Her body was laid into the ground, and as he jumped down into the hole, he moved her arms across her abdomen, kissing her once more on the cheek before climbing out and returning for his father. His weight was pulled through the dining room, and out onto the patio. Vincent heard the crack of a twig and froze, his father smacking his head on the concrete. Under the tree, he saw the small pinpricks of the cat, watching him. Vincent could finally breathe, and lifted his father once more under the armpits. Vincent kept his eyes on the cat, and attention to the tree, to try and drown the dead weight dragging across the lawn, the rustle of the grass as his father passed over it. He imagined the odd squelching sound in movies, of a gutted corpse, but there was nothing but the lifeless body of his father.

The positioning of his father's body into the hole was difficult, not wanting to step on his mother, or disrupt her in anyway. It was after several minutes that he finally emerged from the hole, and tossed the first mounds of dirt upon his parents. 

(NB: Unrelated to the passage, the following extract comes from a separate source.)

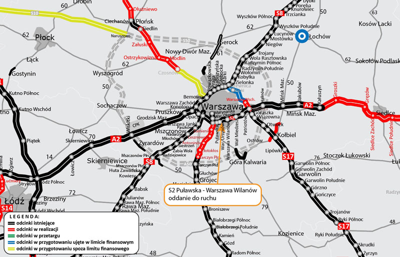 W 2013 roku oddaliśmy do ruchu dwa odcinki trasy S2 od węzła Konotopa do węzła Warszawa Lotnisko i kolejny do węzła Puławska wraz z łącznikiem S79 do węzła Marynarska. Od grudnia ubiegłego roku kierowcy mają do dyspozycji kolejne dwa odcinki (ok. 14 km) od węzła Warszawa Wilanów do węzła Lubelska, łączące brzegi Wisły i autostradę A2 po wschodniej stronie Warszawy.

Once he had patted the last clod of dirt in with the head of the shovel, he tossed it to the side, no longer concerned about the noise, and knelt over his mother and father, placing a single handprint in the dirt. With a sigh, he stood and gestured for the cat to follow. It felt familiar, walking into the house dusted with dirt, and returning to the bathroom with the cat at his heel. His body may have a duller, aged ache, and there wasn't the bottle of yellow pills in the sink, but he had been here before. He wiped the dirt away, and stared into the mirror, eyes fixed on the reflection. What had changed was the pain, the deeper pain, and the closure that he felt. He did not shy away from the reflection, he saw the change in his eyes, and the comfort in his body. It was inside him now, as he dressed once more in clean clothes, and hitched a nap sack over his shoulder.

A dull flicker of yellow flames licked at the curtains of the house. All he knew now was that his feet were carrying him to the city, with the feline in his wake like a stalking butler.